We finished up our main CSA season with a great group of apprentices. We tackled a number of jobs during the apprentices’ last week to complete the season. The garlic for 2012 was planted with our Suffolk horses, the potting soil for winter started transplants mixed up and stored away, the corn ground and this year’s garlic ground was worked up and seeded to rye. We also managed to work on the foundation for the greenhouse. Our garden area for next year was worked up and seeded down to rye and oats using our draft horses and the grain is coming up nicely.

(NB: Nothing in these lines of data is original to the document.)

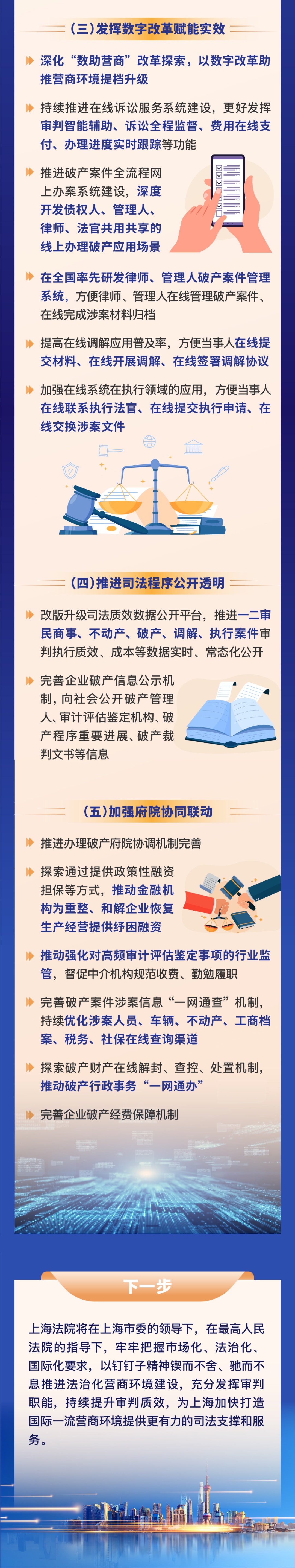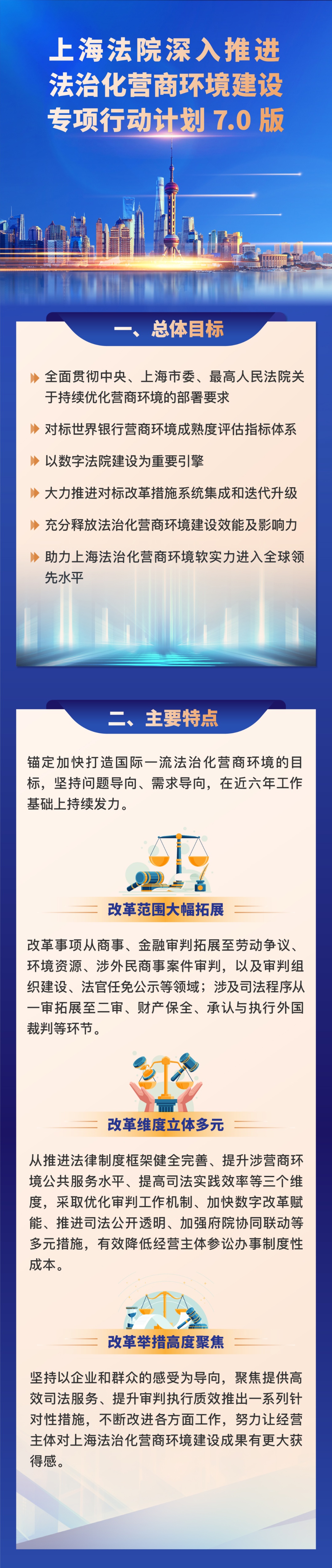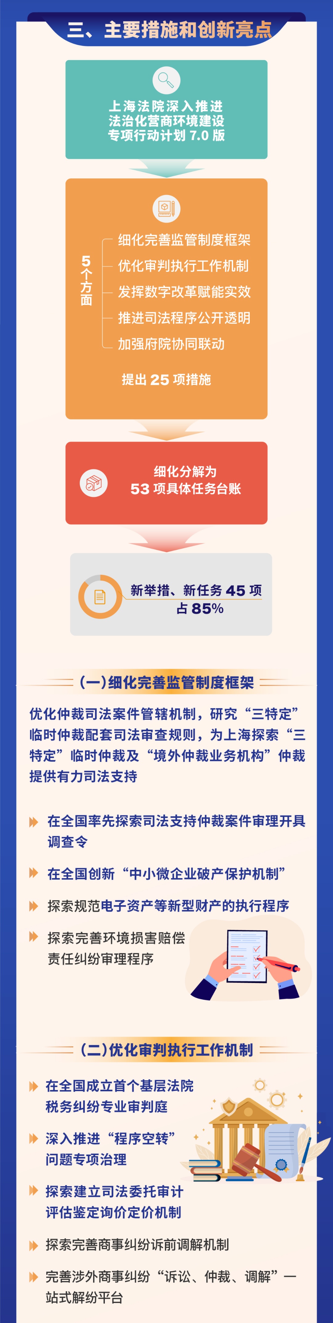 市高院近日印發(fā)《上海法院深入推進(jìn)法治化營(yíng)商環(huán)境建設(shè)專(zhuān)項(xiàng)行動(dòng)計(jì)劃(7.0版)》(以下簡(jiǎn)稱上海法院7.0版),標(biāo)志著上海法院法治化營(yíng)商環(huán)境建設(shè)新一輪工作正式啟動(dòng)。新舉措、新任務(wù)45項(xiàng),占85%。包括細(xì)化完善監(jiān)管制度框架、優(yōu)化審判執(zhí)行工作機(jī)制、發(fā)揮數(shù)字改革賦能實(shí)效、推進(jìn)司法程序公開(kāi)透明、加強(qiáng)府院協(xié)同聯(lián)動(dòng)等5方面。圖解詳見(jiàn)↓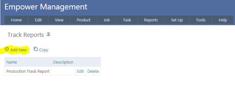 Click on Add New, and type in a name for the Track Report that you are about to Create.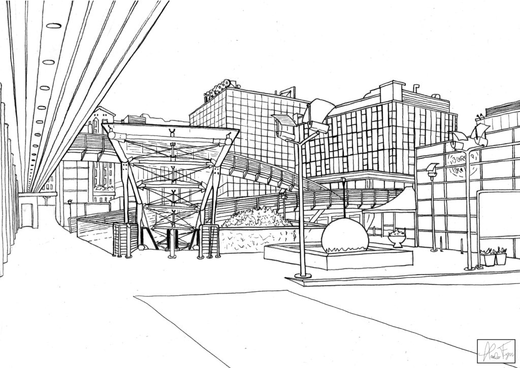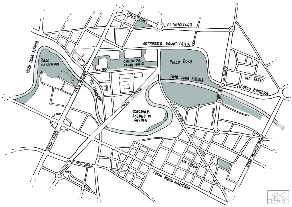 Muovendoci per questo spazio si incontrano un susseguirsi di strade a doppia percorrenza, rotonde in sequenza e torri di cemento di altezze scoordinate. Per chi non ha vissuto l’evoluzione del quartiere riuscirebbe difficile credere che fino a vent’anni fa la gran parte delle industrie di Torino fossero collocate lì.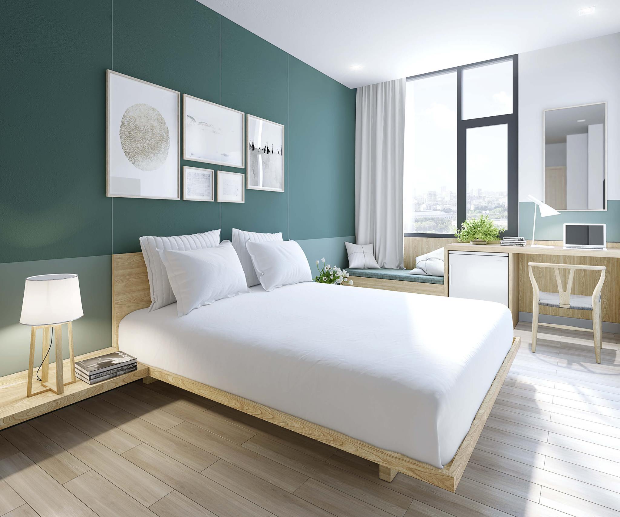 Giường gỗ công nghiệp: Thiết kế hiện đại, màu sắc đa dạng, giá thành hợp lý – phù hợp với không gian trẻ trung.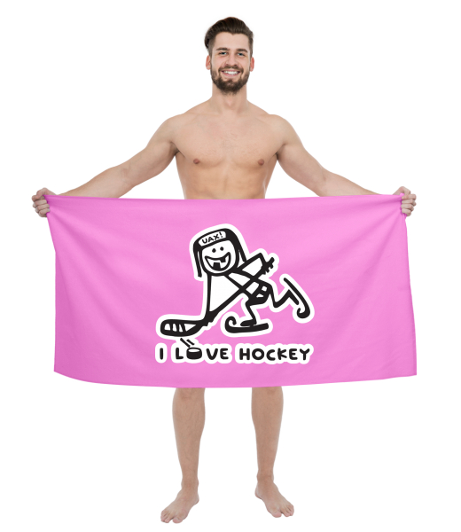 We make sustainable UAX clothing! - hand sewn in the Czech Republic uaxMen uaxCyclingTowelsPRINTED BIG TOWELSdesign 1100 - I LOVE HOCKEYINDIAN LILA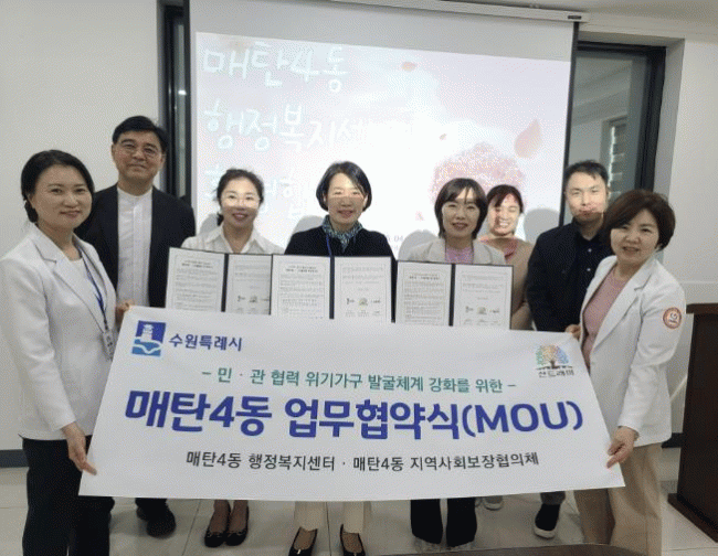 [NWS¹æ¼Û=Çѽ¸ñ ±âÀÚ]¼ö¿ø½Ã ¿µÅ뱸 ¸Åź4µ¿ Áö¿ª»çȸº¸ÀåÇùÀÇü´Â Áö³­ 28ÀÏ, S¼­¿ïº´¿ø°ú °Ç°­ÇÑ Áö¿ª»çȸ ºÐÀ§±â Á¶¼º°ú »êµå·¡¹Ì °Ç°­º¹Áö ¿ïŸ¸® Á¶¼ºÀ» À§ÇÑ ¾÷¹«Çù¾àÀ» ü°áÇß´Ù. ¸Åź4µ¿ ÇàÁ¤º¹Áö¼¾ÅÍ, Áö¿ª»çȸº¹ÁöÇùÀÇü, S¼­¡¦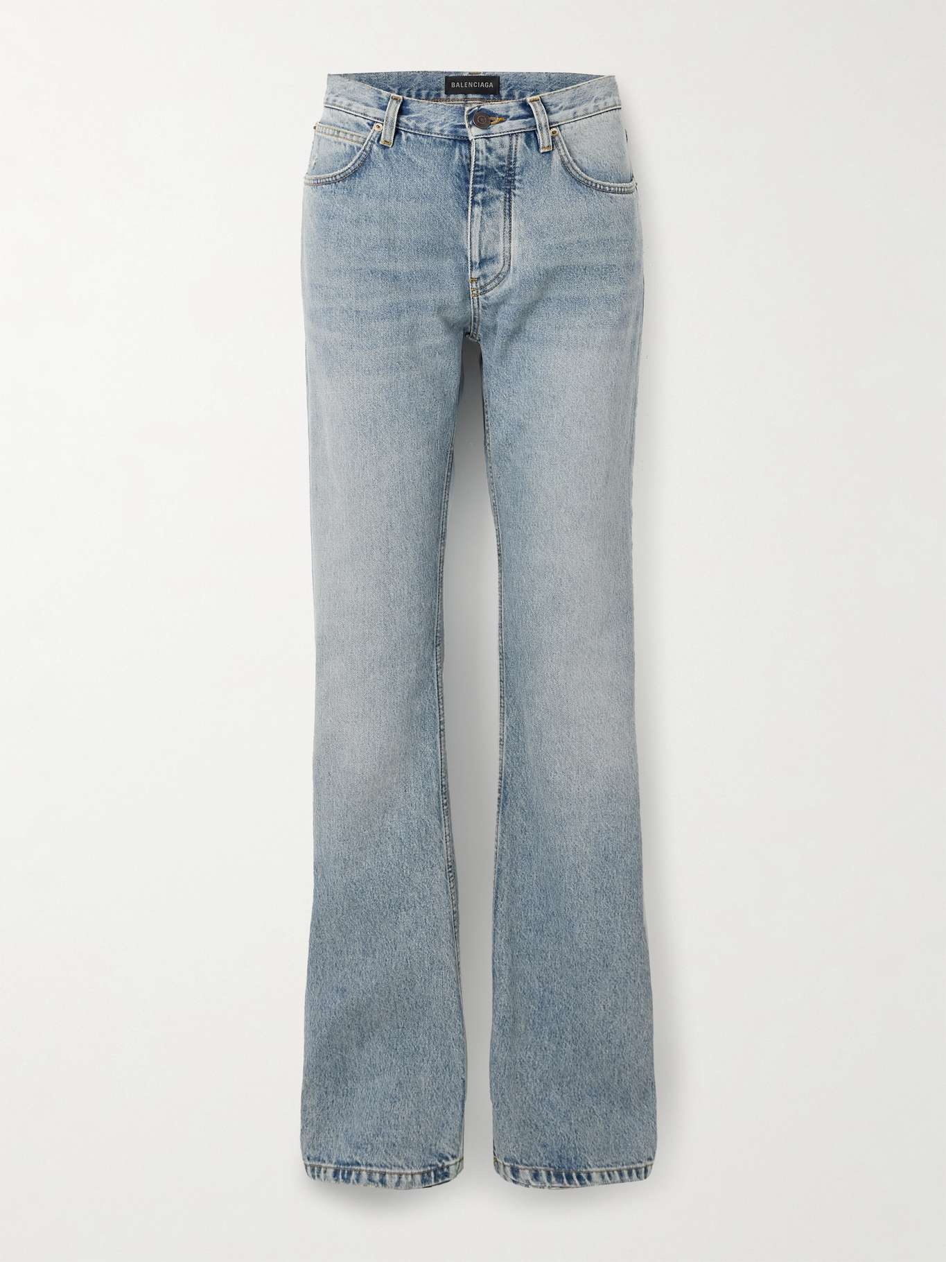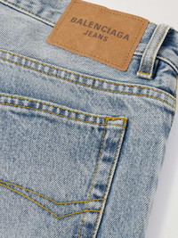 EDITORS'NOTES Balenciaga's jeans are reminiscent of '90s and '00s styles with their mid-rise, straight-leg fit. They're cut from pale-blue denim that's faded and subtly distressed and finished with a logo patch at the back. Style yours with one of the label's graphic T-shirts. SIZE & FIT Model measurements: - Fits large to size, take one size smaller than normal - Mid-rise, designed for a straight-leg fit - Mid-weight, non-stretchy denim - Size 25 jeans have an inside leg of 35"/ 88cm - Model is 177cm/ 5'10", normally wears a size 26 and is wearing a size 25 - Bust: 79cm/ 31" - Waist: 61cm/ 24" - Hip: 89cm/ 35" DETAILS & CARE - Light-blue denim - Partially concealed button fastenings along front - 100% cotton - Machine wash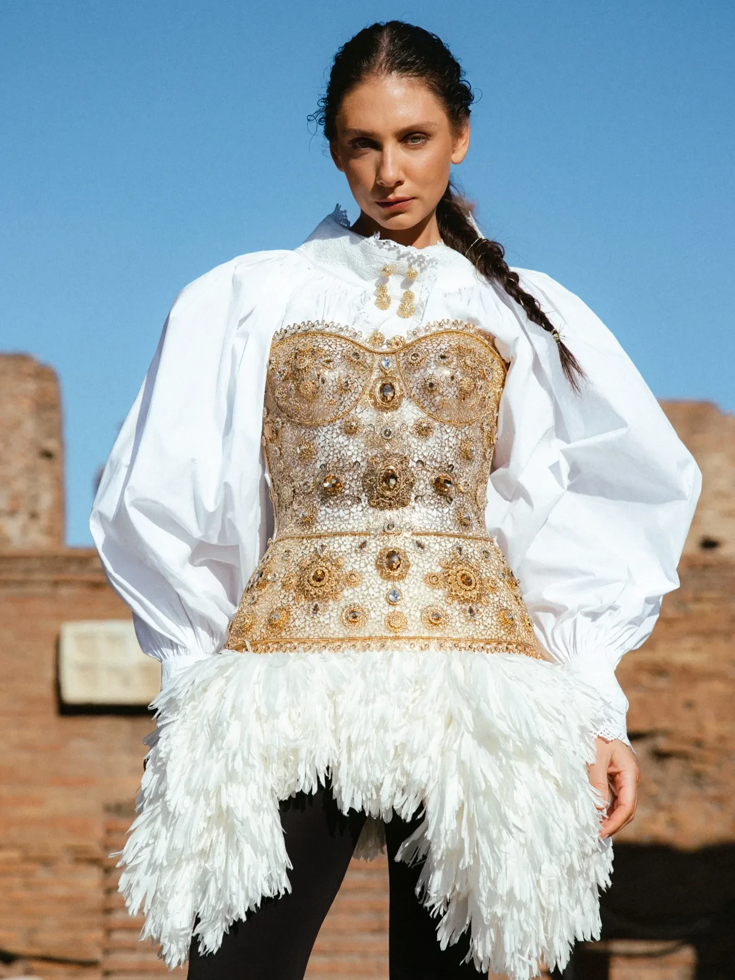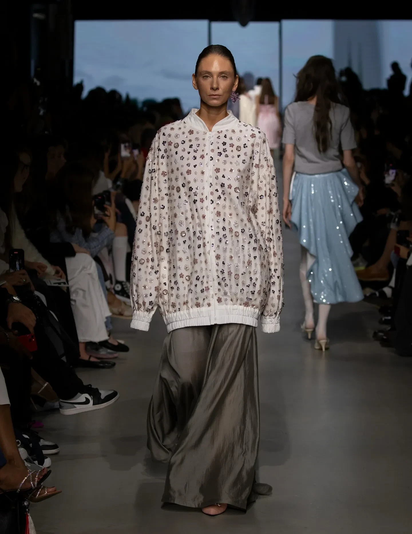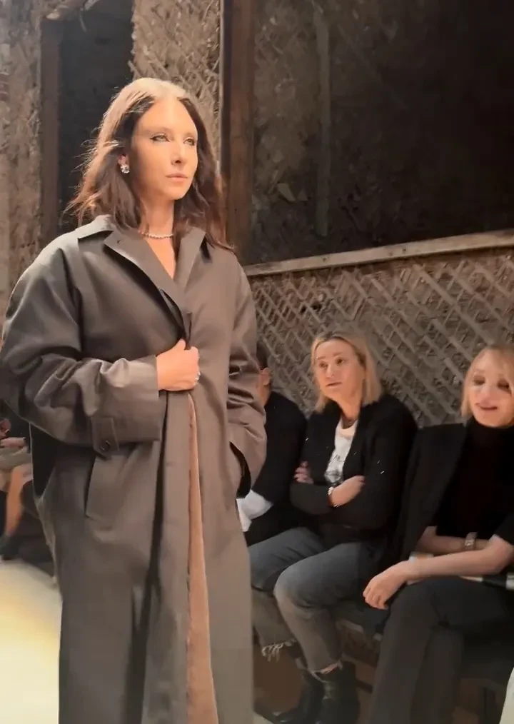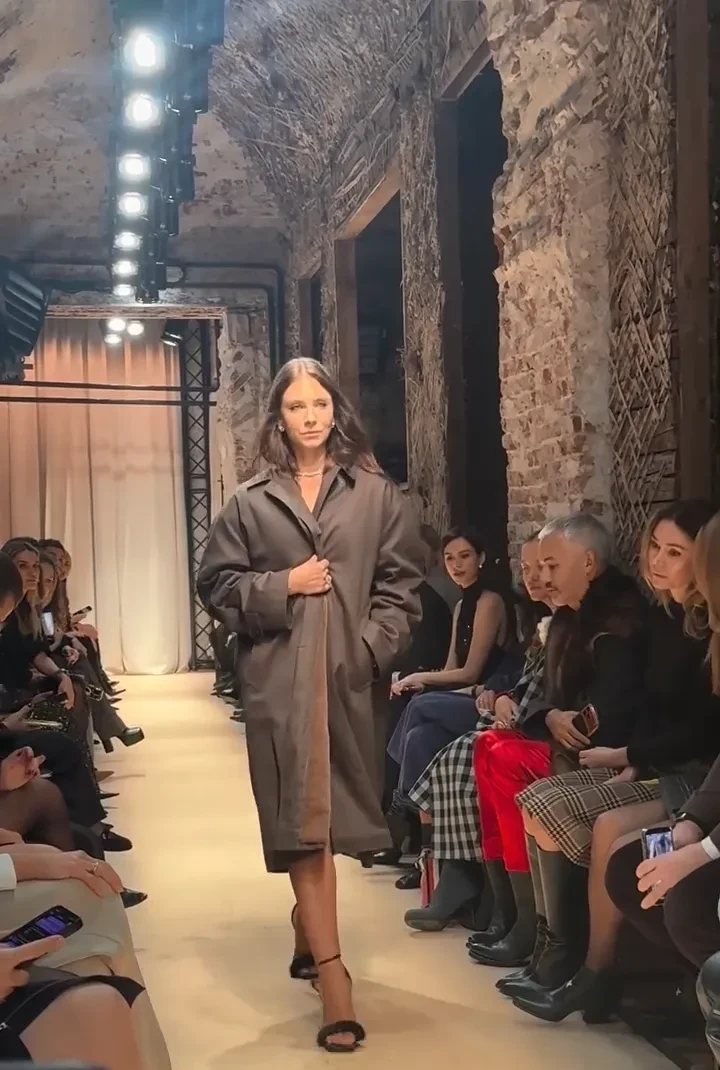 33-летняя Попова прошлась по подиуму в плаще с подкладкой из кроличьего меха. Образ модели завершали бриллиантовые украшения и туфли на шпильке. Её супруг наблюдал за показом из зала.

Well, our season seems to be rapidly drawing to a close! Overall it has turned out to be a wonderful year for many of the crops that we grow. I’m thinking back especially to strawberries and melons, as well as bumper yields of tomatoes, eggplant, peppers and fall raspberries. We grew the CSA to just over 200 shares this season. It feels like a manageable size and are happy to not get any bigger. Our apprentices and working shares have been wonderful in helping us harvest the bounty of produce that has come forth during the season. The response to our fall CSA has been very positive and we are looking forward to the challenge of extending our season to the beginning of December for a smaller group of CSA members on a bi-weekly basis – only on Saturday. The reason that we have been increasing our CSA and have expanded into the fall has been to generate more income to purchase additional land, which we have been renting from my mother. This has been made possible by the support of my mother and siblings, who want the land to stay in the family and be owned by the farmers who farm it and by all of our CSA members who have given us an income to afford to purchase the land. I was very close to my grandmother and father, who loved this farm and used teams of horses to farm it. It is with a keen sense of stewardship and responsibility that we take on the care of the land which we love and into which my roots run deep.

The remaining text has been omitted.